* HOW TO COMPLETE THIS TASK *
Reproduce exactly only the lines from the line that holds "In the Motor" to the line that holds "A list of local", inclusive, in the listing below, and please leave out every picture.

* RECORDS TO PROCESS *
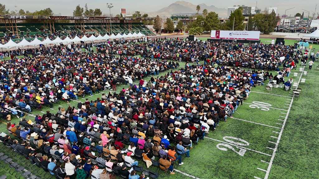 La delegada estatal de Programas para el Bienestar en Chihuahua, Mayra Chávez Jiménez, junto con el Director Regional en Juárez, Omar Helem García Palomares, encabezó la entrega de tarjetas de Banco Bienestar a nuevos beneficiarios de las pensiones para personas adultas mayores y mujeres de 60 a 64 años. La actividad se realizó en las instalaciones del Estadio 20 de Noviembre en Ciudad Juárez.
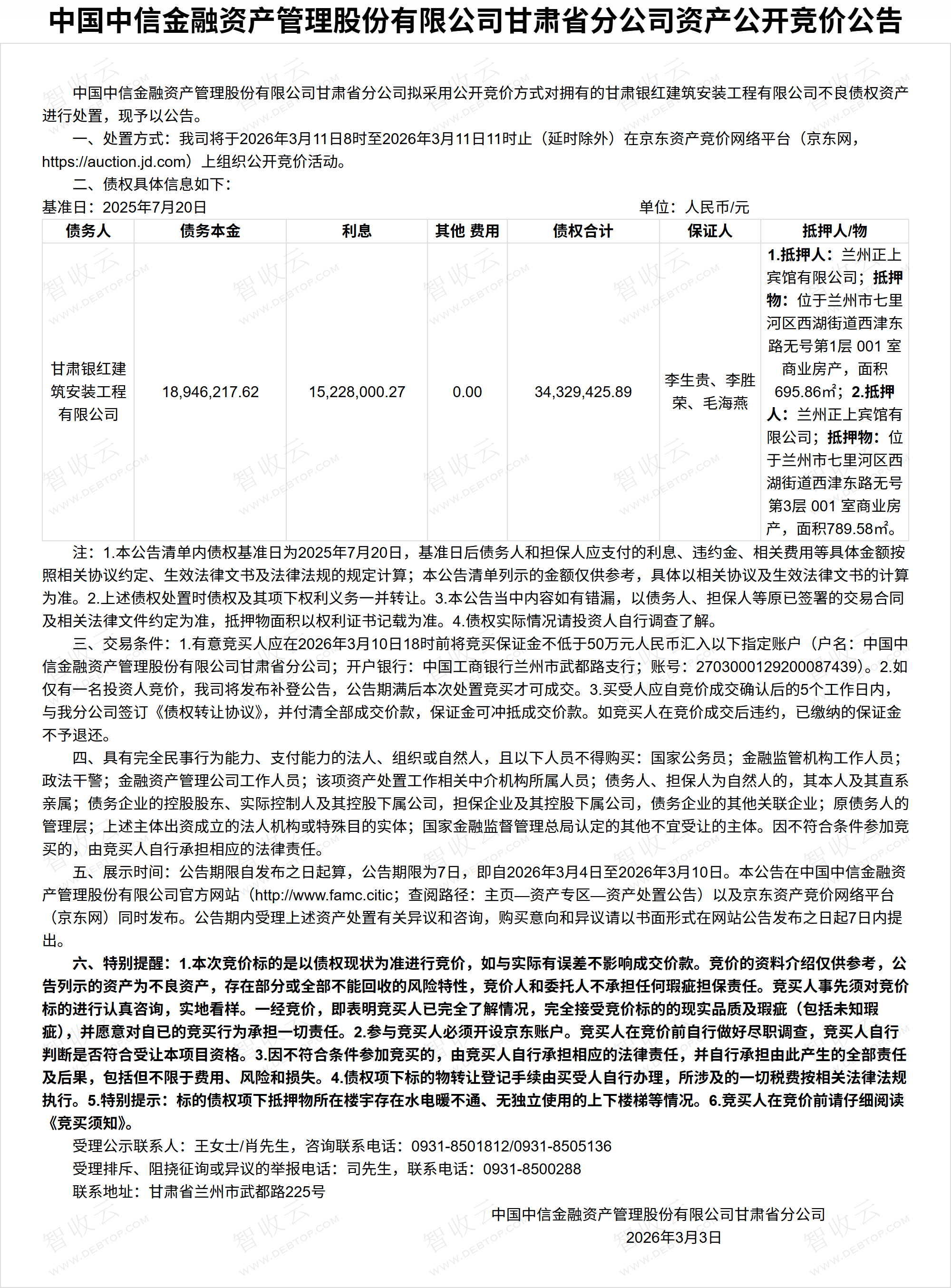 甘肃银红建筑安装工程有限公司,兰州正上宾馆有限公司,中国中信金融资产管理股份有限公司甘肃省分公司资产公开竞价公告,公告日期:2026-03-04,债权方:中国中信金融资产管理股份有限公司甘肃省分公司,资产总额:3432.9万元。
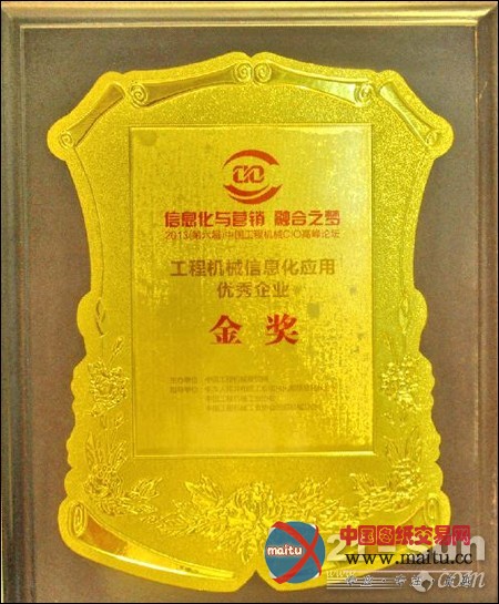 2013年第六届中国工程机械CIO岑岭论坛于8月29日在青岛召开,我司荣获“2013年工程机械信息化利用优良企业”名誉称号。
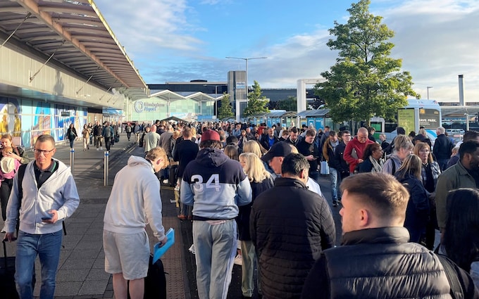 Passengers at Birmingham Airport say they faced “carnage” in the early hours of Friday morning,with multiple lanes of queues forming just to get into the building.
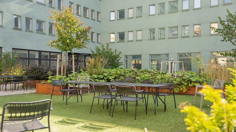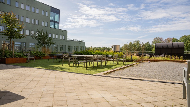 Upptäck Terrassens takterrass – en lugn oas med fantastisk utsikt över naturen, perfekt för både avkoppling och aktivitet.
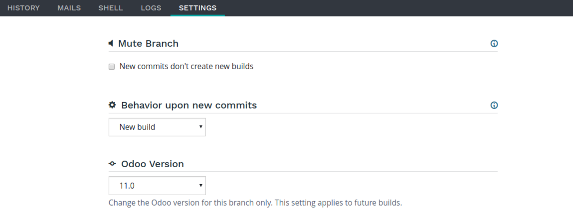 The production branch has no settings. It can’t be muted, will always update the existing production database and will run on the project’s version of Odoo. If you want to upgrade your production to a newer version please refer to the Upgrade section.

---

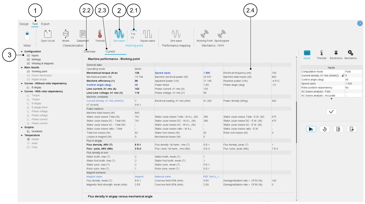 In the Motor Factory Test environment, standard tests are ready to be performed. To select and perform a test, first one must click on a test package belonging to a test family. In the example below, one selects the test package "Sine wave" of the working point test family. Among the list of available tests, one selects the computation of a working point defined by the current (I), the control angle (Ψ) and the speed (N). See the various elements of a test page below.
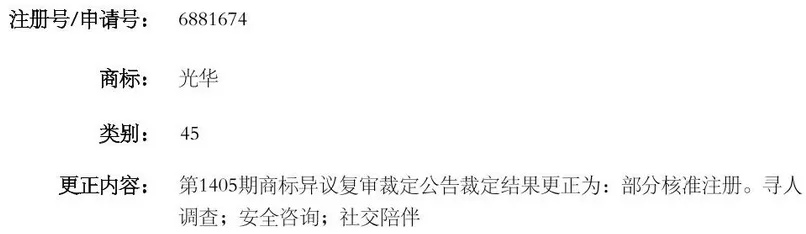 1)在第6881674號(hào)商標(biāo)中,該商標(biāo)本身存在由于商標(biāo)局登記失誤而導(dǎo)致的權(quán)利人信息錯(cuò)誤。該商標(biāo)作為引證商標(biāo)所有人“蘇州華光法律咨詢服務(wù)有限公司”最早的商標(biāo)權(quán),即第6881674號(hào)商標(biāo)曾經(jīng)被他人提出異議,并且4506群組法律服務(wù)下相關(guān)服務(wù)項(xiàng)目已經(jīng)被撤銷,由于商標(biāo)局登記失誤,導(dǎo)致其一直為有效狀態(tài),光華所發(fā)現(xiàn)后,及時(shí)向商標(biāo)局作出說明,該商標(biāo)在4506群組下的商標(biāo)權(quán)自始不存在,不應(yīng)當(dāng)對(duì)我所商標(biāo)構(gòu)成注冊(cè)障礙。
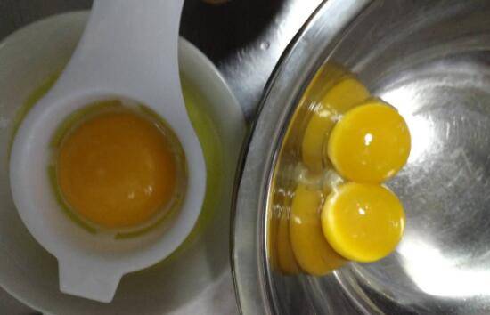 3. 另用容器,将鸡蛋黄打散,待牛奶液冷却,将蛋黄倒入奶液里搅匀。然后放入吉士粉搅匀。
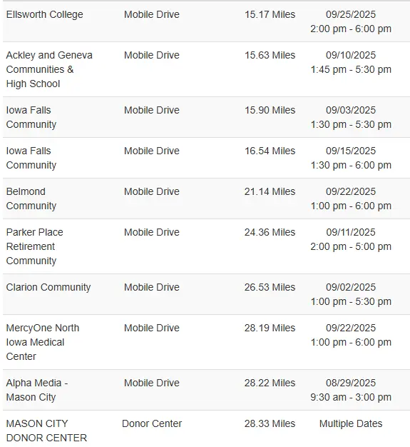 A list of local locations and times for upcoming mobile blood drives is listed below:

==

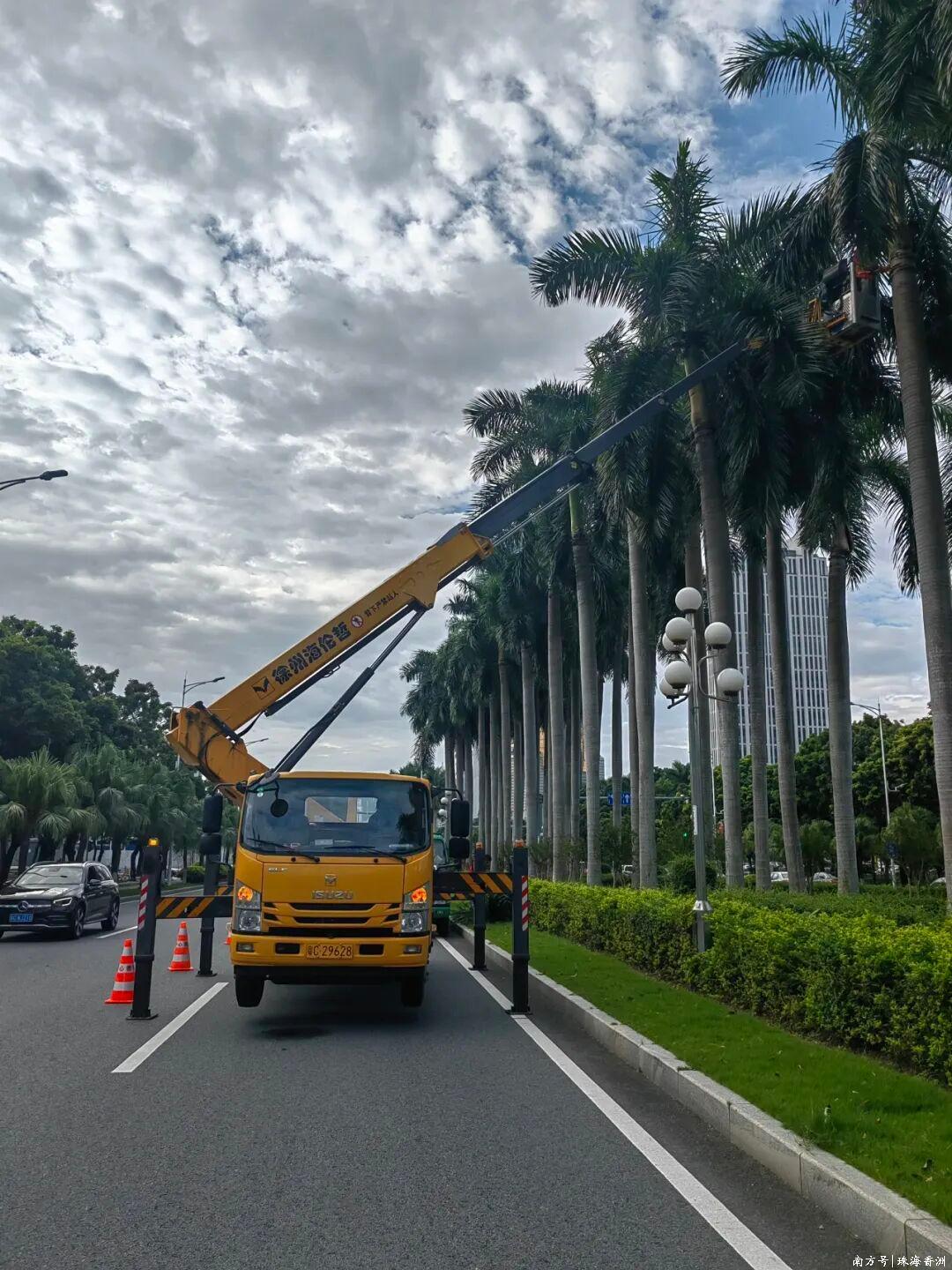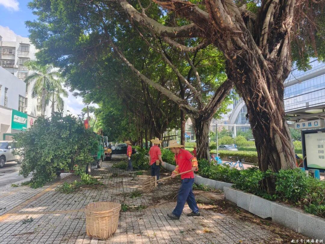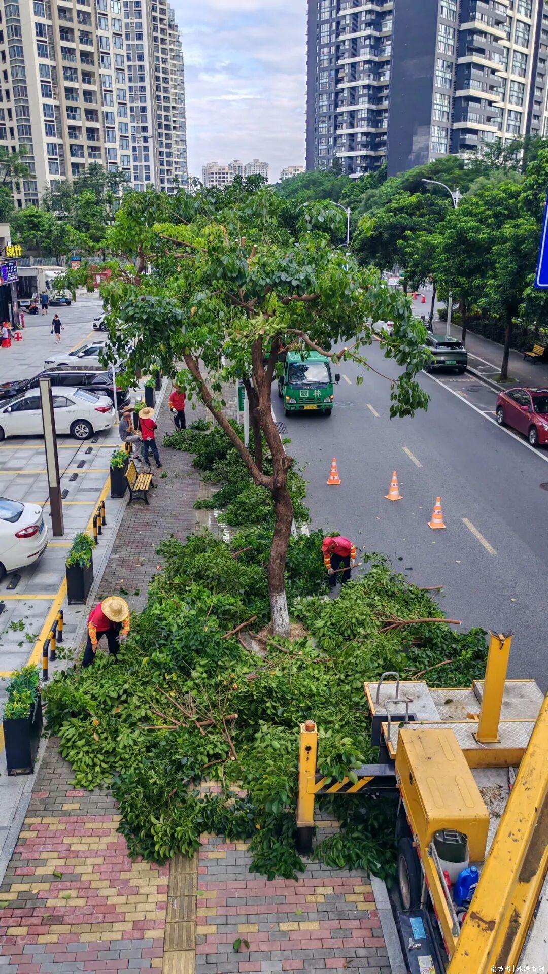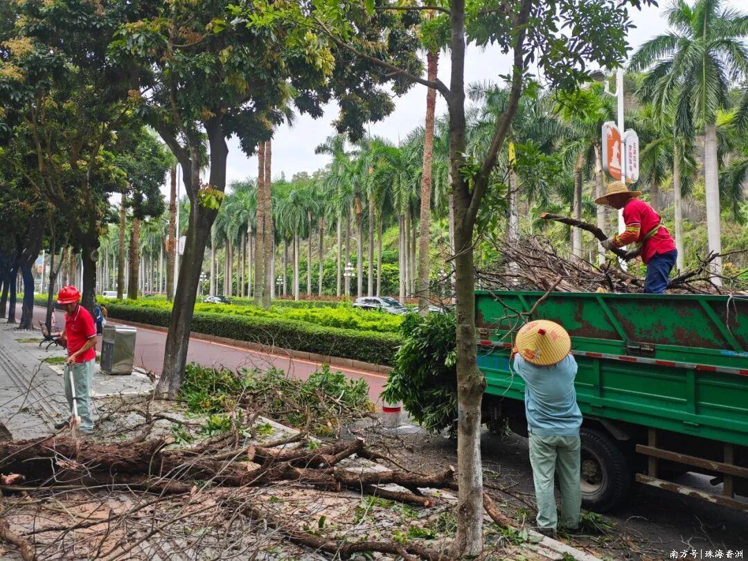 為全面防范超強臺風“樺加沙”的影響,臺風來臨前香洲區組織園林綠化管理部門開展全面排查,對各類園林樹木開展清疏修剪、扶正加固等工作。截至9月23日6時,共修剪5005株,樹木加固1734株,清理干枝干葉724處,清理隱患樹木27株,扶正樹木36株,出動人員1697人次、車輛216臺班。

* WRITTEN ANSWER *
 In the Motor Factory Test environment, standard tests are ready to be performed. To select and perform a test, first one must click on a test package belonging to a test family. In the example below, one selects the test package "Sine wave" of the working point test family. Among the list of available tests, one selects the computation of a working point defined by the current (I), the control angle (Ψ) and the speed (N). See the various elements of a test page below.
 1)在第6881674號(hào)商標(biāo)中,該商標(biāo)本身存在由于商標(biāo)局登記失誤而導(dǎo)致的權(quán)利人信息錯(cuò)誤。該商標(biāo)作為引證商標(biāo)所有人“蘇州華光法律咨詢服務(wù)有限公司”最早的商標(biāo)權(quán),即第6881674號(hào)商標(biāo)曾經(jīng)被他人提出異議,并且4506群組法律服務(wù)下相關(guān)服務(wù)項(xiàng)目已經(jīng)被撤銷,由于商標(biāo)局登記失誤,導(dǎo)致其一直為有效狀態(tài),光華所發(fā)現(xiàn)后,及時(shí)向商標(biāo)局作出說明,該商標(biāo)在4506群組下的商標(biāo)權(quán)自始不存在,不應(yīng)當(dāng)對(duì)我所商標(biāo)構(gòu)成注冊(cè)障礙。
 3. 另用容器,将鸡蛋黄打散,待牛奶液冷却,将蛋黄倒入奶液里搅匀。然后放入吉士粉搅匀。
 A list of local locations and times for upcoming mobile blood drives is listed below:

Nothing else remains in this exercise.